- North American NES box art
- Developer: SNK
- Publisher: SNK
- Platforms: Arcade, NES
- Release: ArcadeJP: March 1988; NA: April 1988; NESJP: March 24, 1988; NA: September 1988;
- Genre: Sports (golf)
- Modes: Single-player, multiplayer

= Lee Trevino's Fighting Golf =

1988 video game

Lee Trevino's Fighting Golf (ファイティング ゴルフ, Faitingu Gorufu) is 1988 golf video game developed and published by SNK for arcades. It was ported to the Nintendo Entertainment System the same year.

==Summary==

Arcade screenshot

The player can choose between four different golfers with varying advantages and disadvantages. Lee Trevino (who lent his endorsement to this North American NES version of the game) is playable (only in the North American version) as a character named Super Mex (an actual nickname of his; the Japanese version uses a character named Birdie Tommy in place of Trevino himself). Other characters include Pretty Amy/Eri, Miracle Chosuke and Big Jumbo. Pretty Amy has limited range, but the easiest control ("control" refers to the length of the aiming guide). Miracle Chosuke and Super Mex have average attributes. Big Jumbo has the best range, but the worst control. Despite the title, no fighting is involved in the game. The player has to avoid sand traps, water hazards, rough ground and trees.

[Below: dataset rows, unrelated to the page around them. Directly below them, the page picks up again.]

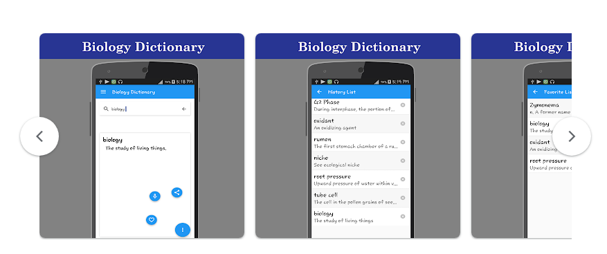 تطبيق Biology Dictionary من التطبيقات التي تمنحك شعورًا حقيقيًا بأن دراسة الأحياء باتت أسهل، فعند فتح التطبيق، تجد أمامك عددًا هائلًا من المصطلحات العلمية، أي أكثر من 100 ألف مصطلح ، مما يعني أن كل ما تحتاجه تقريبًا ستجده فيه.
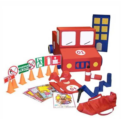 В комплекте: Машина пожарная (150*80*80 см.) — 2шт., комплект знаков по пожарной безопасности (7 шт.) — 2 компл., подставка для знаков — 14 шт., огнетушитель — 4 шт., жилет пожарного — 4 шт., шлем пожарного — 4 шт., макет здания (100*50*50 см.) — 2 шт., пожарный рукав (2,5 м.) — 2 шт., ограждения (брус 20*20*100см.) — 4 шт., сумка для инвентаря — 2 шт.
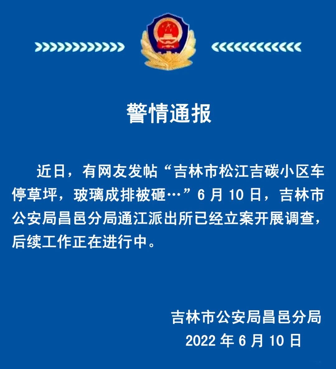 吉林警方通报“吉林市松江吉碳小区车停草坪,玻璃成排被砸”

The courses range from relatively straightforward fairways to elaborate arrangements of sand traps. The two courses available for play are the United States, which consists of mostly bunkers and super rough, and the Japan course, consisting of water and tight boundaries. The United States course is modeled after PGA West Stadium Course.

At the end of the game, the player is greeted with a photorealistic shot of the country club lodge against the setting sun and surrounded by trees.

== Reception ==
In Japan, Game Machine listed Lee Trevino's Fighting Golf as the ninth most successful table arcade unit of April 1988.

GameRevolution ranked this game number 23 on its list of the "50 Worst Video Game Names of All Time".

== Legacy ==
The game was parodied in the season 7 episode of The Simpsons titled "Marge Be Not Proud", with the game in the episode referred to by the Comic Book Guy as "Lee Carvallo's Putting Challenge".